What to work on: For the entries below, repeat exactly each line starting with the one that contains "This wooden pin" and going on through the one that contains "各80g 各2、あんかけ(かきたま・きのこ各200g) 各2", and no others.

Data shown:
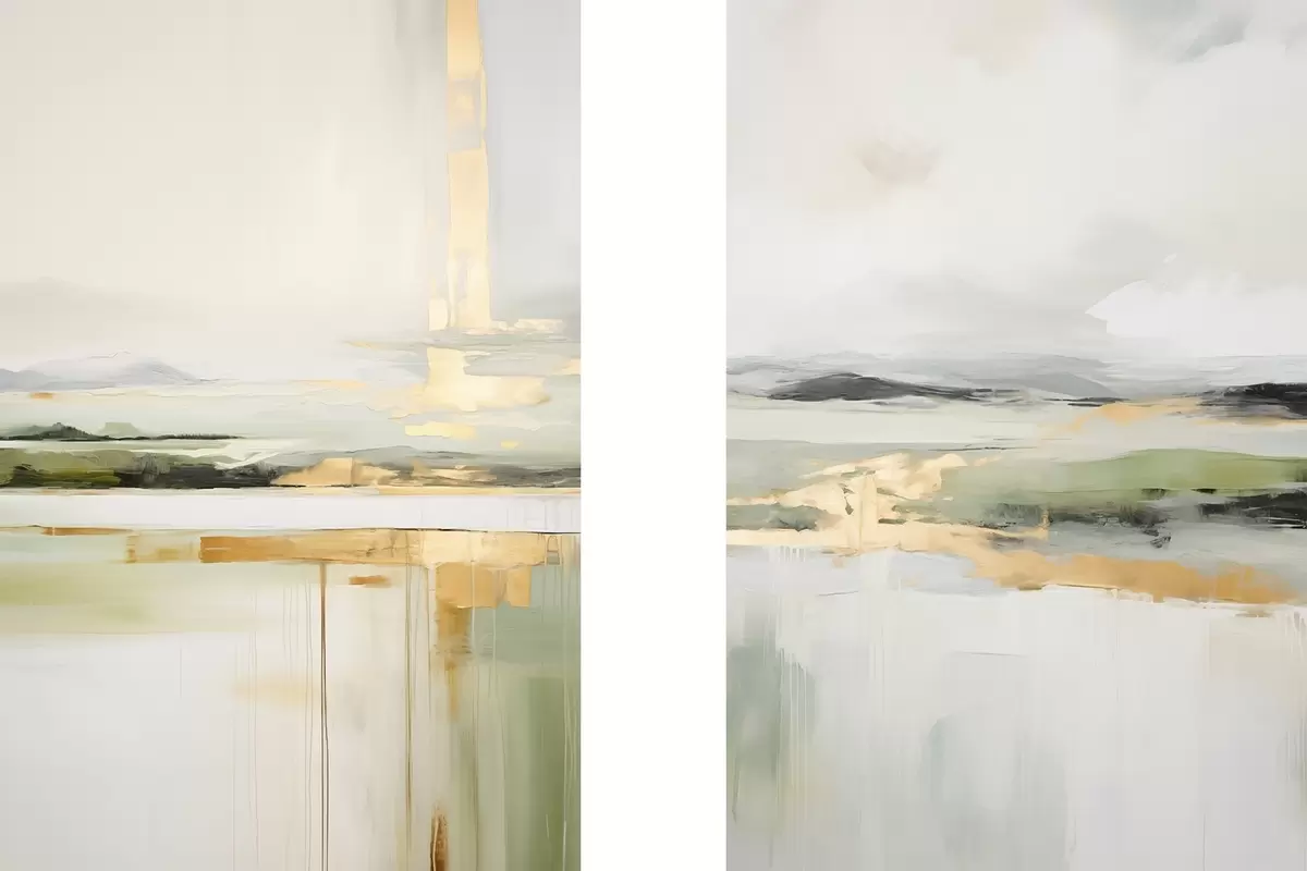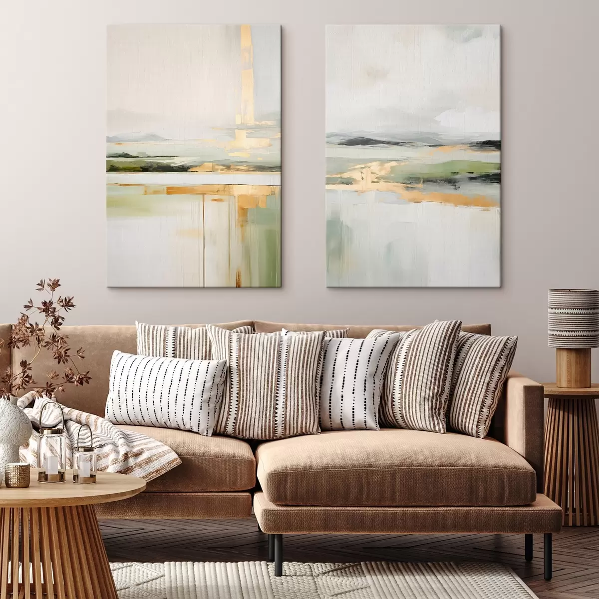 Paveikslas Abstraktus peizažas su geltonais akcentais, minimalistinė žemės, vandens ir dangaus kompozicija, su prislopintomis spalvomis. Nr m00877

--

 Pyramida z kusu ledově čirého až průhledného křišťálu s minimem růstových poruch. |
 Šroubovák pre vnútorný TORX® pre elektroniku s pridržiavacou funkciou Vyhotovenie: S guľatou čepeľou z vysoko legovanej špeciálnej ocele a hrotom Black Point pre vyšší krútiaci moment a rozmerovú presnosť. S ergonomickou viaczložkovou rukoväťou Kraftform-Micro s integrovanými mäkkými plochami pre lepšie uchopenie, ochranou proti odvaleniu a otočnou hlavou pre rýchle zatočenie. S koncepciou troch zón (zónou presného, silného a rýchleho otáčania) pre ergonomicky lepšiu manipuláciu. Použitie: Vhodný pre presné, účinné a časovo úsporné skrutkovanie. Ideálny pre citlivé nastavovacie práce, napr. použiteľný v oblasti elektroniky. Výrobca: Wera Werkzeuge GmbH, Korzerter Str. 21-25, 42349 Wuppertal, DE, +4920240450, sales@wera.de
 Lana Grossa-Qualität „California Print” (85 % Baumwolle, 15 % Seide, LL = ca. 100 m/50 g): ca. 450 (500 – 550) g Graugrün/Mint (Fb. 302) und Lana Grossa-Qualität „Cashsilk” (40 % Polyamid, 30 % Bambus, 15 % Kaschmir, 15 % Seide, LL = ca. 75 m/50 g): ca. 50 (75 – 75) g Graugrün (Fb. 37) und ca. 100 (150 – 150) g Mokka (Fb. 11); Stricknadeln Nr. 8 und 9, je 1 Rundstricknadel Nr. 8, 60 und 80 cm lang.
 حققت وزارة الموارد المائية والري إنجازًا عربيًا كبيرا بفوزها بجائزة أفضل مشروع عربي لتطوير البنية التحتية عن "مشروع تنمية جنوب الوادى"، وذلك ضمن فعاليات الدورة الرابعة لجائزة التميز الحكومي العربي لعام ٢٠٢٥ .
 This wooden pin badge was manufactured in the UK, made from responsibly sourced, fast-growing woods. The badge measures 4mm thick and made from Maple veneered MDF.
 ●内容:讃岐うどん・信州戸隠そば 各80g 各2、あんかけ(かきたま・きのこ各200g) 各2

Your response:
 This wooden pin badge was manufactured in the UK, made from responsibly sourced, fast-growing woods. The badge measures 4mm thick and made from Maple veneered MDF.
 ●内容:讃岐うどん・信州戸隠そば 各80g 各2、あんかけ(かきたま・きのこ各200g) 各2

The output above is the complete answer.